À Esquerda e à Direita

Sigam o Biden...

Com o mundo suspenso à espera das vacinas – que não são sinónimo de milagre para a pandemia – seria normal que a União Europeia tentasse fazer o mesmo que Biden, até porque não tem dinheiro para seguir o exemplo do primeiro-ministro israelita que ligou para o presidente da Pfeizer e explicou que queria milhões de doses, custasse o que custasse.

Segundo rezam as crónicas, Joe Biden quando assumiu o poder chamou as farmacêuticas que produzem vacinas para a covid-19 e colocou-as na ordem. José Aranda da Silva, o primeiro presidente do Infarmed, disse ao Nascer do SOL que Biden não teve contemplações. E o militar português não percebe por que razão os europeus não fazem o mesmo: «Não vemos a Comissão Europeia e mesmo a presidência portuguesa tomar uma atitude firme como a que tomou o Presidente Biden nos EUA. Biden chamou as grandes empresas, as que tinham vacinas da covid-19 e as que não tinham mas produzem outro tipo de vacinas como a Merck, e foi muito claro: ‘Ou os senhores produzem noutros laboratórios ou eu intervenho usando mecanismos legais e resolvo o problema’. E nos EUA a produção de vacinas já não está a ser feita só nas fábricas da Pfizer e Moderna mas nas fábricas da Merck por exemplo. Na Europa nada».

O militar e fundador da agência Europeia do Medicamento foi mais longe. «Não venham com histórias: a capacidade de produção de vacinas na Europa, ao contrário do que se tem pretendido dizer, é excedentária e não está a ser toda utilizada.
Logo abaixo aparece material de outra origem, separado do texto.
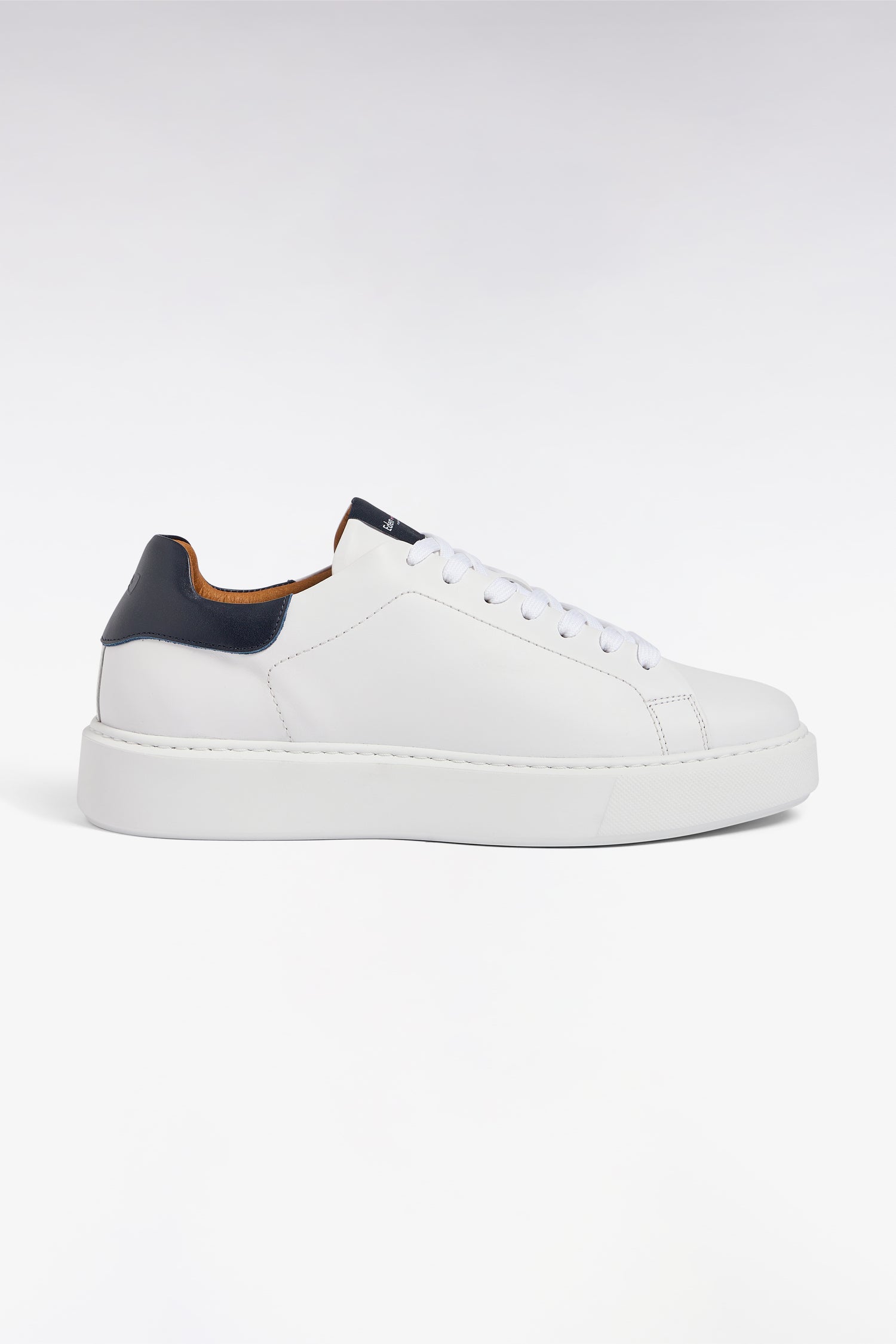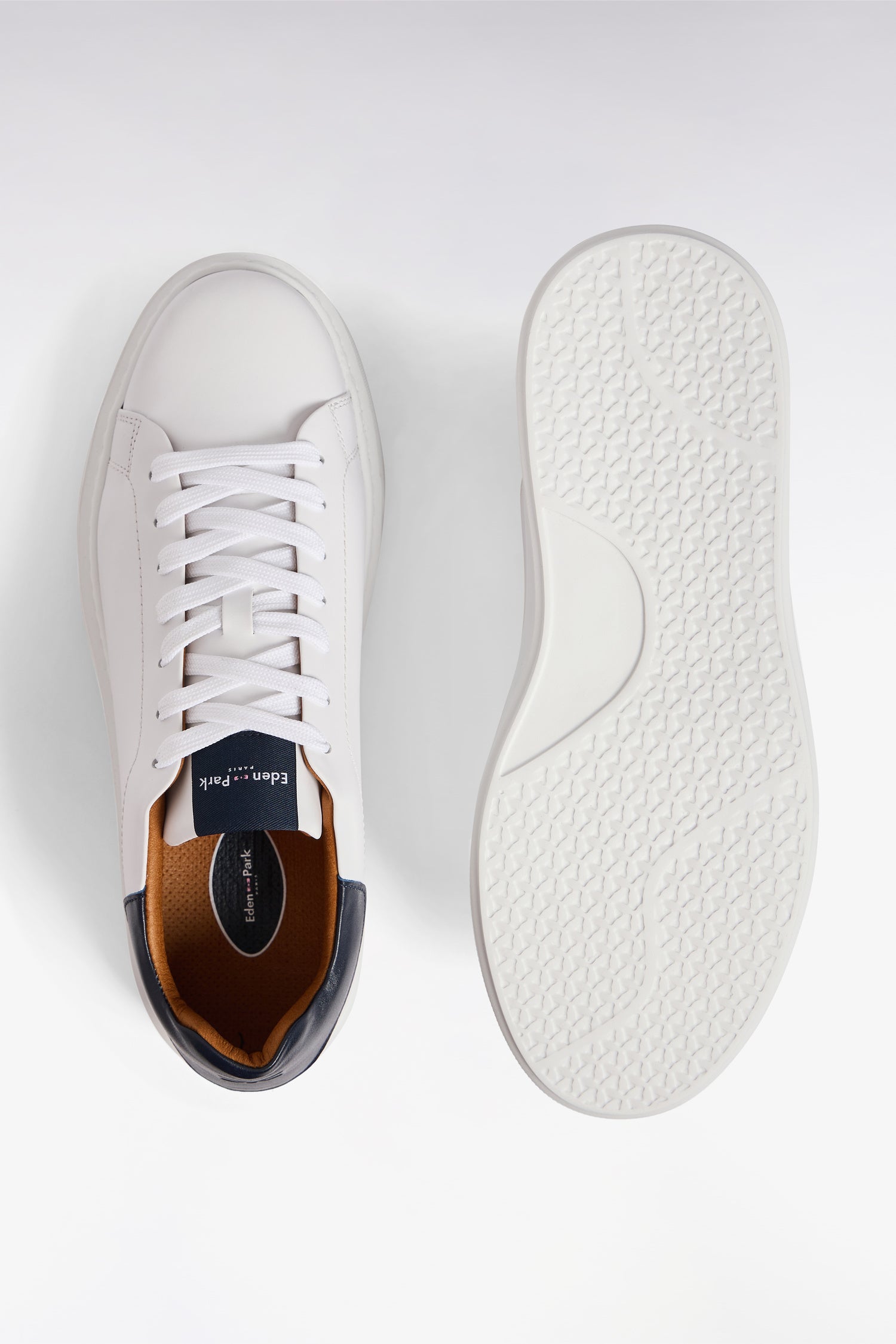 Crafted in white leather for a minimalist silhouette, these low-top sneakers go with every silhouette, from dressy to sporty outfits. Their tone-on-tone soles contrast with their signature navy tongue and bowtie-embossed back tab. Inside, a perforated camel sole ensures optimum comfort and breathability.

É insuficiente com certeza nas fábricas da Pfizer e da AstraZeneca, mas há outros laboratórios, a Merck, a Recipharm, a Novartis...».

Com o mundo suspenso à espera das vacinas – que não são sinónimo de milagre para a pandemia – seria normal que a União Europeia tentasse fazer o mesmo que Biden, até porque não tem dinheiro para seguir o exemplo do primeiro-ministro israelita que ligou para o presidente da Pfeizer e explicou que queria milhões de doses, custasse o que custasse.

E é aqui que entra a história de Cascais ter chegado a um acordo com os russos para produzir a vacina em Portugal ou para fazer o enchimento, ou o que quer que seja, desde que isso signifique mais pessoas vacinadas.

Na entrevista de 21 de março, Aranda da Silva estava convencido que estaria por dias a aprovação da vacina russa pelo organismo europeu... Será que o Governo português está preparado para atuar no dia seguinte à aprovação da Sputnik, da chinesa ou de outra qualquer? Ao que se sabe, a Coreia do Sul já produz a vacina russa e os italianos e alemães também estão interessados no mesmo.

O presidente da Câmara de Cascais diz que, juntamente com Rui Moreira, já conseguiu chegar a um pré-acordo com os russos e aqui questionamo-nos: qual a razão para os presidentes de câmara conseguirem ser mais ágeis do que o Governo? Que se saiba, só o Infarmed poderá comprar as vacinas, mas não seria de aprofundar esta proposta de Carreiras ou de outros que tenham contactos privilegiados?

Se nos lembrarmos que foi Rui Moreira que trouxe os primeiros ventiladores para Portugal, percebemos melhor o peso da máquina do Estado.

Claro que estão muitos milhões em jogo e este Governo, como todos os outros, deve zelar bem pelo nosso dinheiro, mas não pode perder tempo a adotar as soluções que nos façam fugir deste pesadelo.

Calculo que haverá pressões de todos os lados e que os aliados sejam quase obrigados a dar prioridade aos americanos, mas quando estão tantas vidas em jogo a única coisa que interessa é salvá-las. Ao que se sabe, todas as vacinas têm contraindicações, à semelhança de quase todos os medicamentos. Mas não é por acaso que quase 200 mil cientistas espanhóis fizeram um apelo ao Governo para não suspender a vacinação. Com a população mais sensível vacinada, pode ser que possamos voltar à vida que gostamos, pois os hospitais não ficarão, em princípio, tão entupidos com os nossos casos. E estou à vontade para falar no assunto, pois espero bem estar na última fila dos vacinados.